Using the listing below, set down exactly the lines from the one that contains "This is a rabbit" through the one that contains "(1) 業績状況によって「注", with no pictures.

<<<<

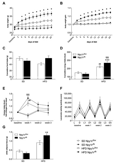 Metabolic consequences of HFD in Npy1r2lox and Npy1rrfb male mice. (A) Body weight growth, (B) body weight gain, (C) cumulative food intake (g), (D) cumulative energy (kcal) intake and (E) weekly energy intake (kcal) of SD- and HFD-fed Npy1r2lox and Npy1rrfb mice during the metabolic challenge procedure. (F) Spontaneous locomotor activity of Npy1r2lox and Npy1rrfb male mice exposed to SD or HFD for 21 days. (G) White adipose tissue weight (g) of Npy1r2lox and Npy1rrfb male mice exposed to SD or HFD for 26 days. Data are presented as mean ± SEM. Food intake was calculated as means of the sum of grams for mouse (C); energy intake was calculated as means of the sum of kilocalories (D) for mouse and as fold changes versus baseline (E). (A,B) * p < 0.05 versus Npy1r2lox on HFD; (D) *** p < 0.001 versus Npy1r2lox on HFD, ## p < 0.01 versus Npy1r2lox on SD, §§§ p < 0.001 versus Npy1rrfb on SD; (E) ## p < 0.01 versus Npy1r2lox on SD, §§§ p < 0.001 versus Npy1rrfb on SD; (G) ** p < 0.01 versus Npy1r2lox on HFD.
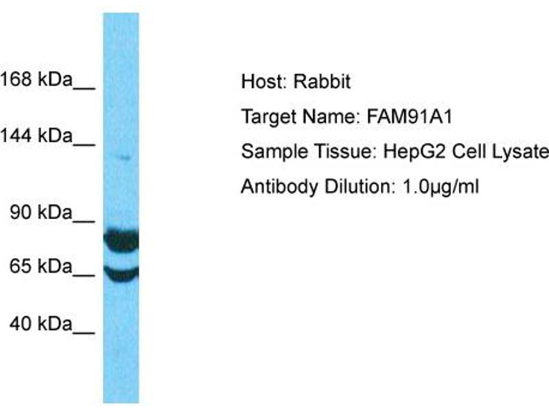 This is a rabbit polyclonal antibody against FAM91A1 . It was validated on Western Blot.
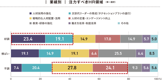 (1) 業績状況によって「注力すべきHR戦略領域」が大きく異なる結果に。業績が不調な企業では「戦略的な人材配置・活用」や「人材の定着・エンゲージメント向上」、業績が好調な企業では「人材採用の強化」や「次世代リーダーの育成」が重視されています。
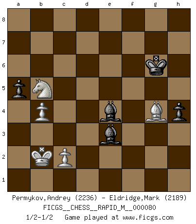 Last move : 1/2-1/2 2015 November 20 11:49:52 [Event "FICGS__CHESS__RAPID_M__000080"] [Site "FICGS"] [Date "2015.09.14"] [Round "1"] [White "Permykov,Andrey"] [Black "Eldridge,Mark"] [Result "1/2-1/2"] [WhiteElo "2236"] [BlackElo "2189"] 1.e4 c5 2.Nf3 d6 3.d4 cxd4 4.Nxd4 Nf6 5.Nc3 g6 6.Be3 Bg7 7.h3 O-O 8.Qd2 d5 9.exd5 Nxd5 10.O-O-O Nxe3 11.Qxe3 Qa5 12.Qxe7 Nc6 13.Nb3 Nxe7 14.Nxa5 Be6 15.Ne4 b6 16.Nb3 Bd5 17.Nc3 Bc6 18.Rg1 Rfd8 19.Rxd8+ Rxd8 20.Ba6 Nf5 21.g3 Bf3 22.Kb1 Nd4 23.Nd2 Bc6 24.Rd1 Kf8 25.Nb3 Ke7 26.Nc1 Nf3 27.Rxd8 Kxd8 28.N1e2 Bh6 29.Nb5 Bd7 30.Nxa7 Bxh3 31.Nc6+ Kc7 32.Nb4 Nd2+ 33.Ka1 Kd6 34.Bd3 f5 35.Nc3 Bg2 36.Nb5+ Ke5 37.Be2 f4 38.Nd3+ Kf5 39.a4 fxg3 40.fxg3 Be3 41.b4 Bc6 42.g4+ Kg5 43.Kb2 h5 44.gxh5 gxh5 45.Ne5 Bg2 46.Nf7+ Kg6 47.Nfd6 h4 48.Bg4 Ne4 49.Nxe4 Bxe4 50.a5 bxa5 1/2-1/2 Sicilian : Dragon, 6.Be3 Kingside Castling by player Black (move 7) Queenside Castling by player White (move 10) 10 pieces endgame at move 50 : White KBNPP , Black KBBPP WHITE : King + 1 Bishop 1 Knight 2 Pawns BLACK : King + 2 Bishops 2 Pawns This chess game ended in a draw. Follow this game move after move (download)No other master has such a terrific will to win. At the board he radiates danger, and even the strongest opponents tend to freeze, like rabbits when they smell a panther. Even his weaknesses are dangerous. As white, his opening game is predictable - you can make plans against it - but so strong that your plans almost never work. In the middle game his precision and invention are fabulous, and in the end game you simply cannot beat him. (Anonymous German Expert) Kein Schachspieler kann gut schlafen. (H. G. Wells) En la vida, como en el Ajedrez, los Peones propios obstruyen nuestro camino. La gran fortuna de un hombre, su comodidad, placer, hijos, libros, que deberían ayudarle a ganar, con mucha frecuencia lo ponen en Jaque Mate. (Charles Buxton) Aux échecs, l'amour-propre est satisfait quand on remporte la victoire, mais il n'y a pas de honte à être battu. (Benjamin Franklin) All the troubles of the world come from being unable to sit alone in a quiet room. (Blaise Pascal)
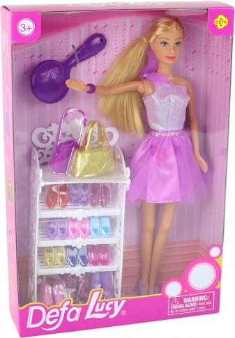 Das gesamte Set enthält auch einen weißen Schrank für Schuhe und Handtaschen, eine rosa Haarbürste zur Pflege der langen blonden Haare der Puppe, alles verpackt in der Originalverpackung mit den Maßen 32 cm x 21 cm x 6 cm.
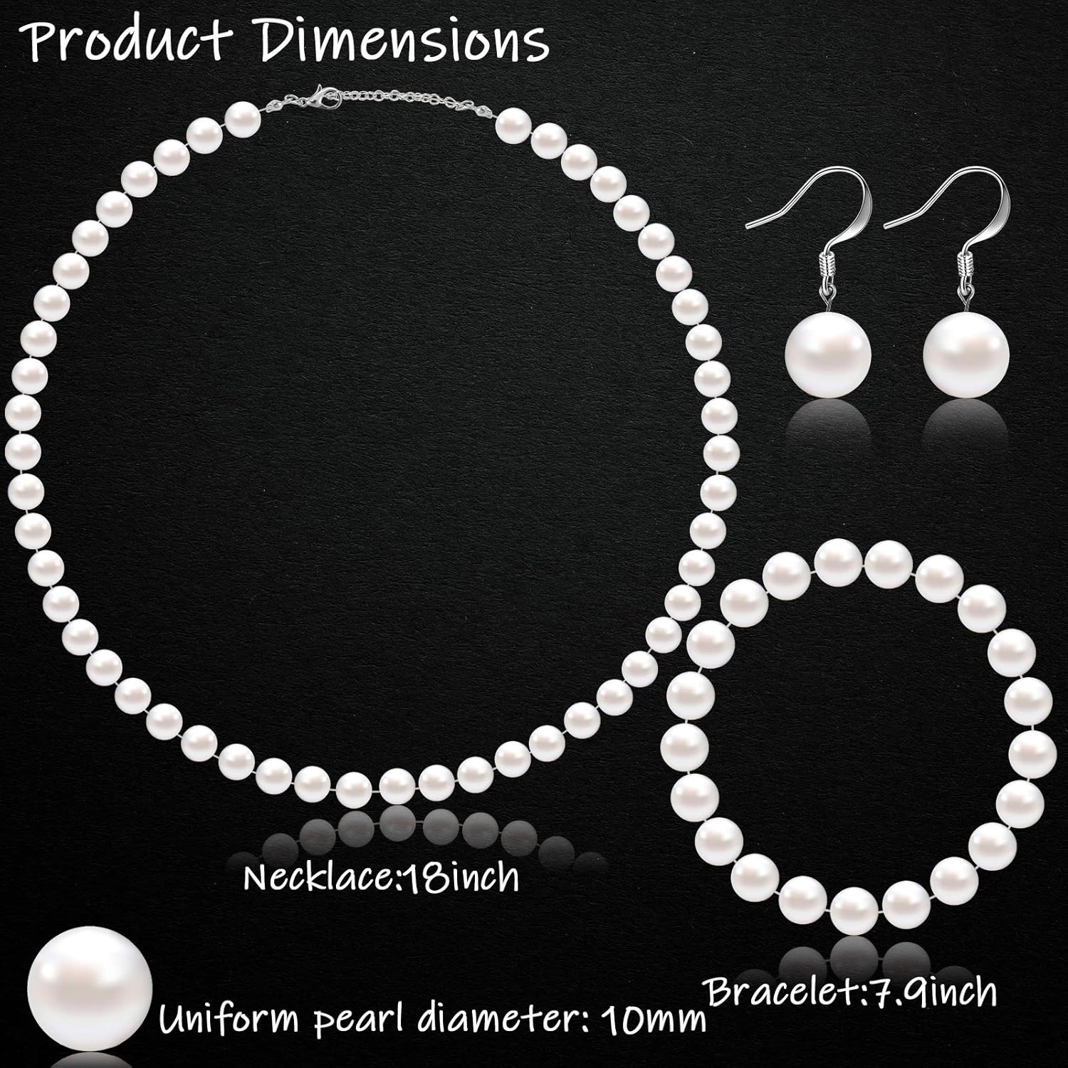 • Quality and Material: the pearls are ABS highlight pearls, each pearl is 10 mm in diameter, artificial imitation, not real pearl, the silver clasp of the pearl necklace and the silver needle of the earring are silver, can be worn for a long time, and won't burden your ears, easy to put on and take off

>>>>

SOLUTION BELOW
 This is a rabbit polyclonal antibody against FAM91A1 . It was validated on Western Blot.
 (1) 業績状況によって「注力すべきHR戦略領域」が大きく異なる結果に。業績が不調な企業では「戦略的な人材配置・活用」や「人材の定着・エンゲージメント向上」、業績が好調な企業では「人材採用の強化」や「次世代リーダーの育成」が重視されています。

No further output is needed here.